There is a clear association between the inflammatory biomarkers used to calculate the DII score (CRP, IL-1β, IL-6, TNF-α, IL-4, and IL-10) [22] and cardio-metabolic diseases such as obesity, diabetes, or CVD. Specifically, higher levels of CRP were correlated with BMI, waist circumference, or waist-to-hip ratio in a meta-analysis with 53 cross-sectional studies [42]. A cohort study with women also found this association [43]. Though two Mendelian randomization studies have suggested that probably adiposity causes inflammation but not vice versa [44,45], the bidirectional association is possible and a pro-inflammatory dietary exposure can precede the development of obesity [46,47]. Recently, a review on hypothalamic micro inflammation suggested a potential mechanism link between a pro-inflammatory diet and MetSyn [48]. Regarding diabetes, a meta-analysis with 16 studies found an association between hs-CRP and incident diabetes [49] although a nested case-control study in the European Prospective Investigation of Cancer (EPIC)-Norfolk cohort suggested that this association might be confounded by central adiposity [49]. With respect to CVD, higher hs-CRP was independently associated with carotid intima-media thickness [50]. An individual participant meta-analysis from 54 long-term prospective studies reported an association between hs-CRP concentration and the risk of coronary heart disease, stroke and both vascular and non-vascular mortality [51]. However, this association is not completely admitted because a Mendelian association meta-analysis of individual participant data did not confirm it [52]. However, Mendelian randomization studies are not free of biases and may have some important limitations mainly derived from their underlying assumptions that are not always valid [53].
Although CRP is clinically relevant for risk prediction, it is considered a surrogate biomarker of upstream cytokines, such as IL-6 and IL-1β [54]. A systematic review found that MetSyn is associated with elevated concentrations of IL-6 and TNF-α and with decreased levels of IL-10, an anti-inflammatory biomarker used in the calculation of the DII score [55]. However, this association between IL-10 and diabetes is still less studied and there are no available prospective studies to support this association [56]. The Leiden 85-Plus Study showed a cross-sectional association between a low IL-10 production capacity and both MetSyn and type-2 diabetes [57]. Regarding coronary disease, a meta-analysis of 29 prospective studies found that higher baseline levels of pro-inflammatory cytokines, including IL-6 and TNF-α, were associated with a greater risk of non-fatal myocardial infarction or CVD death [58]. Two mendelian randomization studies have suggested IL-6 receptors to have a causal role on coronary heart disease [59,60]. Although anti-inflammatory IL-10 was traditionally considered protective against atherosclerosis [61], a prospective study found that circulating IL-10 concentrations at baseline were positively associated with nonfatal myocardial infarction, stroke, or CVD death [62]. Similarly, a growing body of evidence suggests that IL-4, previously considered an anti-inflammatory cytokine, could be involved in the initiation and progression of atherosclerosis [63].
In general, all this scientific evidence is highly relevant to explain the association between dietary exposures and CVD, MetSyn, and mortality, which can be mediated by a pro-inflammatory exposure through the food pattern.
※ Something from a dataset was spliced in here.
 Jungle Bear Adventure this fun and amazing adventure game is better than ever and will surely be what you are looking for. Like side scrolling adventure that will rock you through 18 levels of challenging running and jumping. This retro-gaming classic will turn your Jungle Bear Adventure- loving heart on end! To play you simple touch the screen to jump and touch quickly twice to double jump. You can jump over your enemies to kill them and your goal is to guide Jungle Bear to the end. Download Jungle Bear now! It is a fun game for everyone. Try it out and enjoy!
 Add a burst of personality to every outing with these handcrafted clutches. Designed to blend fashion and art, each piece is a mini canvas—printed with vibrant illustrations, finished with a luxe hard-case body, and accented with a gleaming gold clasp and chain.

As previously mentioned, the DII score seems to be able to capture this exposure because it is based on the role that 45 foods and dietary constituents have on six well-acknowledged inflammatory biomarkers [22]. Among these biomarkers, those with a pro-inflammatory effect (hs-CRP, IL-1β, IL-6 and TNF-α) are associated with cardiometabolic risk factors and CVD, as we have explained above. There is still a limited knowledge regarding the role of IL-10 and IL-4 and this is probably a limitation of the DII score. The construction of the DII score is based on scientific knowledge available until 2010 and thus, an update will be needed to refine the inflammatory capacity of these cytokines as well as other new inflammatory markers.
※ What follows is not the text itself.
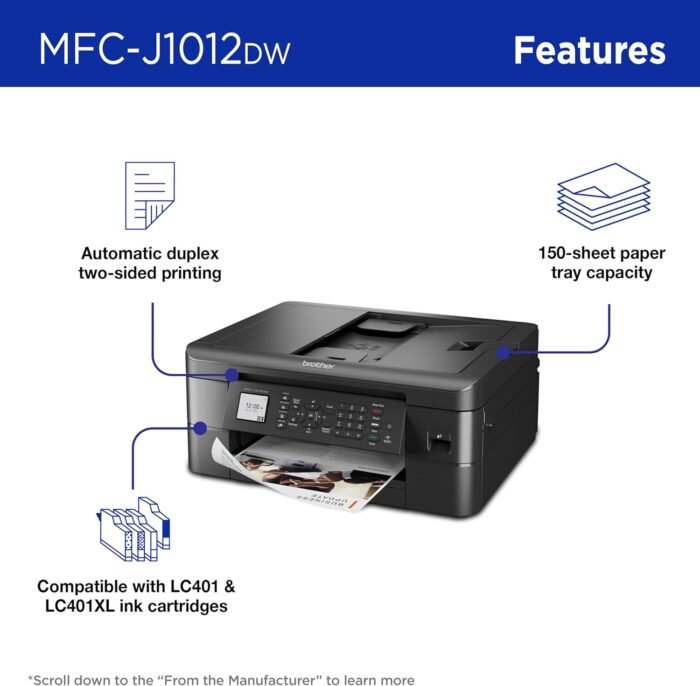 Iām so glad I picked the Brother MFC-J1012DW Wireless Inkjet Printer as my first printer. I needed something ādummy-friendly,ā and this one really is plug-and-play. Setup was fast, Wi-Fi connected easily, and the app makes printing from my laptop or phone a breeze.I only use it a few times a week for shipping labels or documents (mostly black & white), and it prints super clean. Duplex printing is a nice bonus, too. The scanner is just as easy, even my 8-year-old even scanned a paper on his own!Itās compact, reliable, and doesnāt make me fight with it. If you want a stress-free printer that just works, this is it.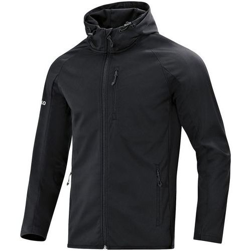 Veste softshell Jako, de couleur noire, parfaite pour rester au chaud et se protéger de la pluie et du vent.

8. The DII Score in the Context of Healthy Dietary Patterns

The use of dietary patterns is one of the best approaches to understand the relationship between diet and disease [64]. Dietary patterns are used to assess the general quality of a diet and takes into account the potential synergies between different foods [65]. One method for defining dietary patterns is the construction of dietary indices according to some specific dietary recommendations. For example, the Healthy Eating Index (HEI) followed the Dietary Guidelines for Americans 2005 [66] and it has been adapted according to changes in the dietary recommendations [67,68]. Other indices are more focused on some specific health benefit such as the Dietary Approaches to Stop Hypertension (DASH) diet [69], and other indices try to assess the level of adherence to traditional dietary patterns, like the Mediterranean diet (MedDiet) [70] or the vegetarian dietary pattern. Both the DASH and traditional MedDiet are the most well-studied dietary patterns [71].
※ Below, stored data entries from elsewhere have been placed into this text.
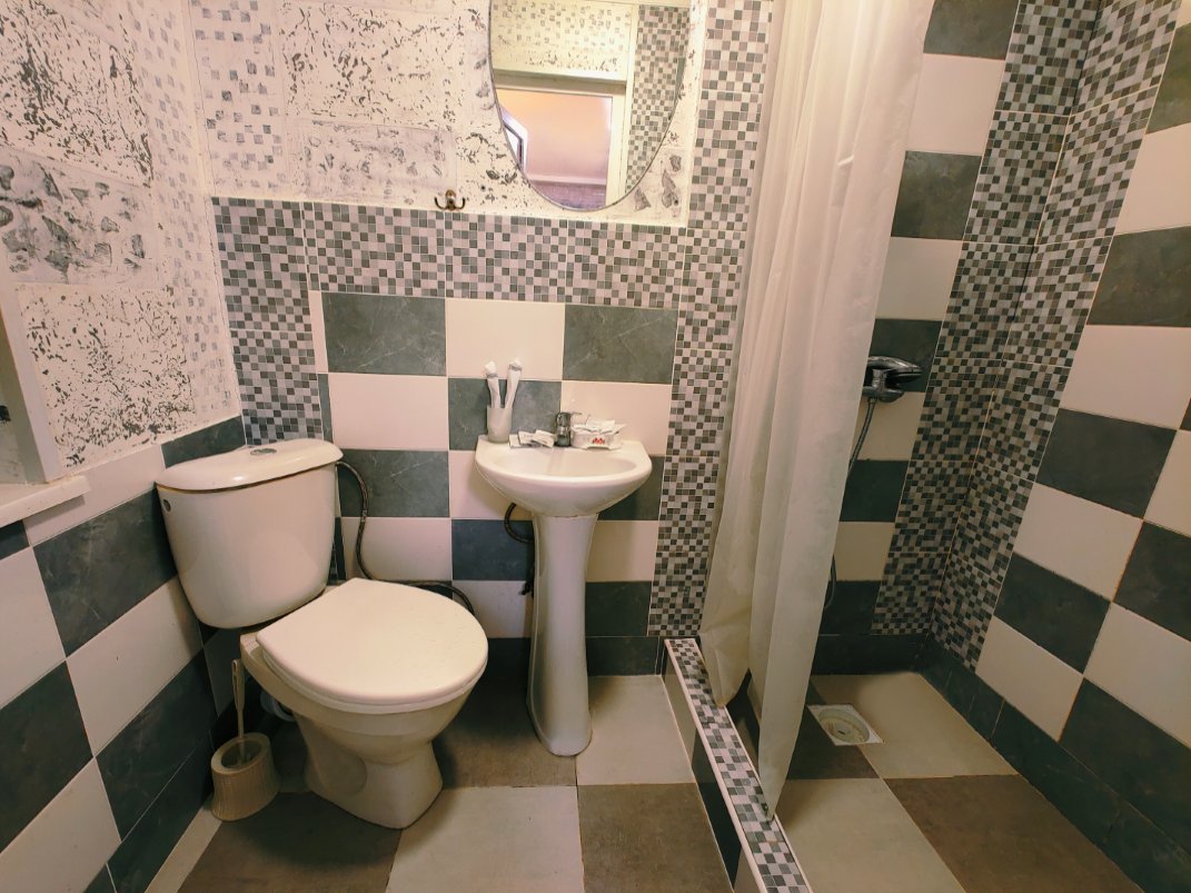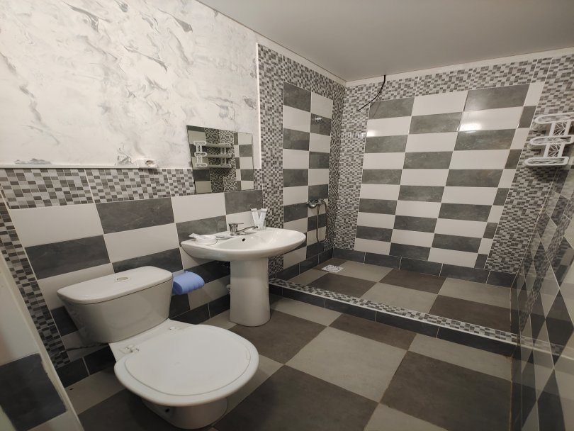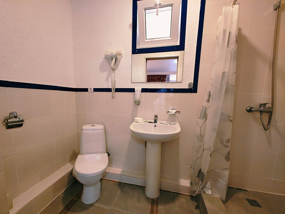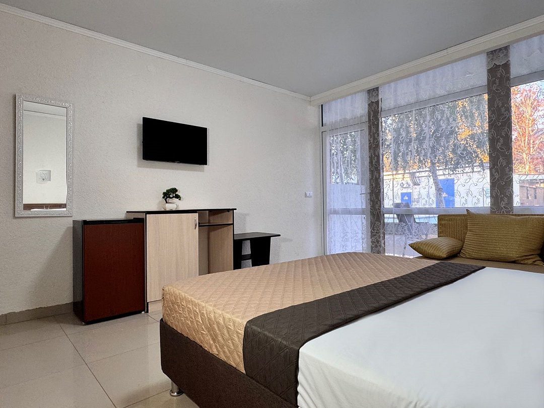 В номере: двуспальная кровать или две односпальные кровати, прикроватные тумбочки,журнальный столик, встроенный шкаф,вешалки,зеркало, телевизор, кондиционер, мини-холодильник, электрочайник, набор посуды. Ванная комната: душ, раковина, зеркало, фен, туалет.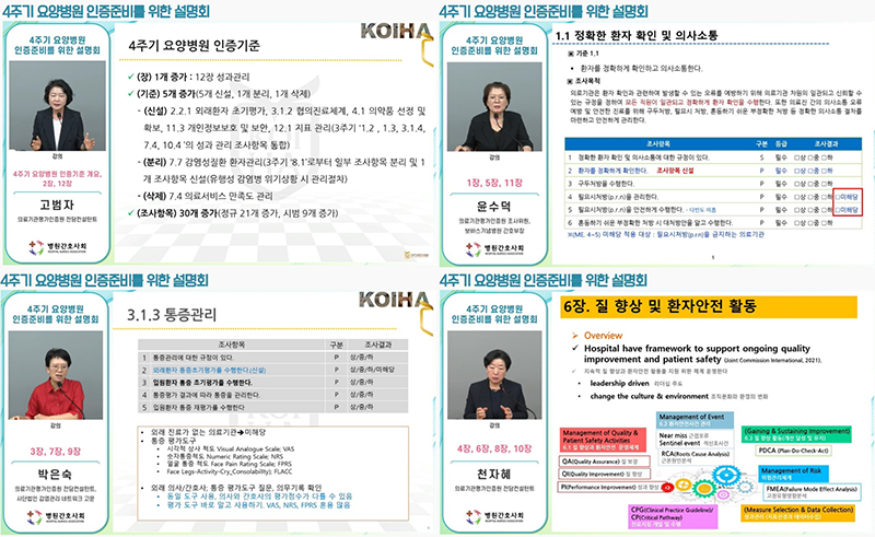 본회에서는 주기마다 의료기관 인증평가에 대비할 수 있도록 인증평가 설명회를 개최하고 있으며, 2025년 시행되는 4주기 요양병원 인증평가의 개정된 인증기준 및 간호와 관련된 내용으로 설명회를 진행하였다. 4주기 요양병원 인증기준 개정 배경 및 방향과 주요 내용에 대해 고범자 의료기관평가인증원 전담컨설턴트가 강의하였고, 각 영역의 변화된 인증기준에 대하여 윤수덕 보바스기념병원 간호부장, 박은숙 사단법인 감염관리 네트워크 고문, 천자혜 의료기관평가인증원 전담컨설턴트의 강의가 이어졌다.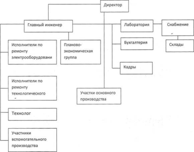 Во главе предприятия стоит директор. Он организует всю работу предприятия и несет полную ответственность за его производственно – хозяйственную деятельность. В основу управления положено трехступенчатая структура управления (директор – начальник цеха – мастер). На схеме видно, что руководство процессом производства осуществляется директором, а в руках главного инженера сосредотачивается функции работники и внедрение новой техники прогрессивной технологии. С цехами главный инженер осуществляет связь через подчиненные ему технические и технологические отделы.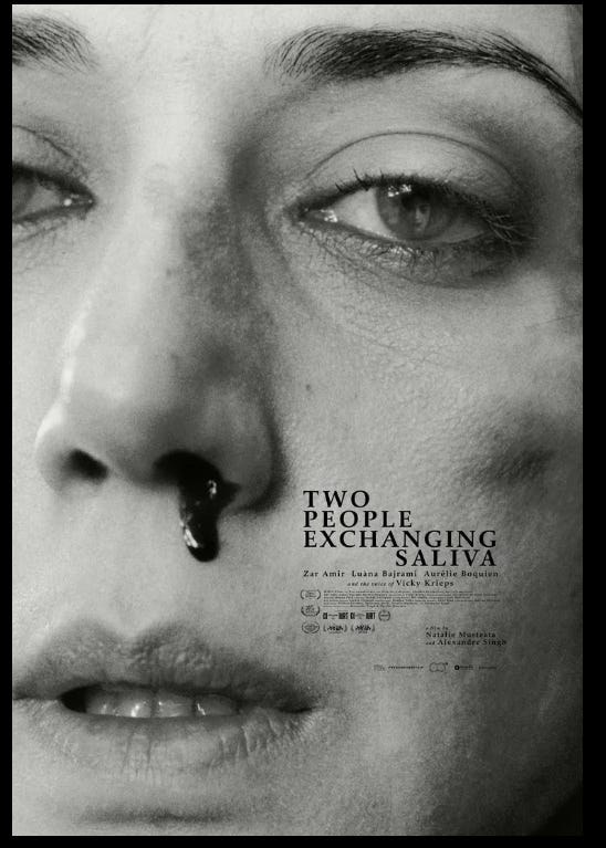 Synopsis: In a society where kissing is punishable by death, & people pay for things by receiving slaps to the face. Angine, an unhappy woman, shops compulsively in a department store. There, she becomes fascinated by a playful salesgirl. Despite the prohibition of kissing, the 2 become close, raising the suspicions of a jealous colleague. (IMDB.com)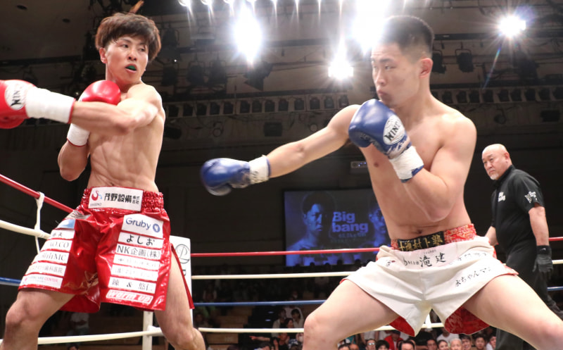 昇也(右)は打ち合いに持ち込み山際(左)から勝利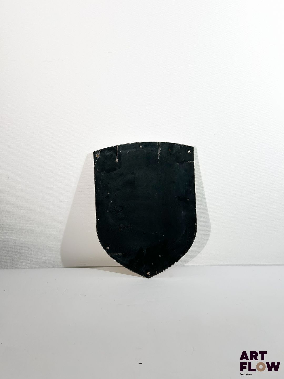 Plaque émaillée d’après Porsche Diamètre : 38 x 27,5 cm Petits éclats et traces de rouille

All of these healthy dietary patterns share the protective effect against the most prevalent diseases such as cancer, cardiovascular diseases or diabetes. A meta-analysis of cohort studies found that the HEI, AHEI, and the DASH score were associated with a risk reduction for all-cause mortality, CVD, cancer, and type-2 diabetes [72]. The protective role of the MedDiet against these health outcomes has also been shown consistently in several systematic reviews [73,74]. Two systematic reviews [75,76] concluded that both the MedDiet and the DASH diet are effective for weight loss. The large and long-term PREDIMED randomized trial ( recently also reported benefits for the Mediterranean diet for the prevention of age-related weight gain [77]. According to the 2015 Dietary Guidelines Advisory Committee ( those dietary patterns associated with a decreased risk of CVD are characterized by a lower consumption of red and processed meat, lower intakes of sugar-sweetened foods and beverages and refined grains as well as higher consumption of fruits, vegetables, whole grains, low-fat dairies, and seafood [78]. In fact, several meta-analyses have shown the link between these individual foods and better cardiometabolic outcomes [71].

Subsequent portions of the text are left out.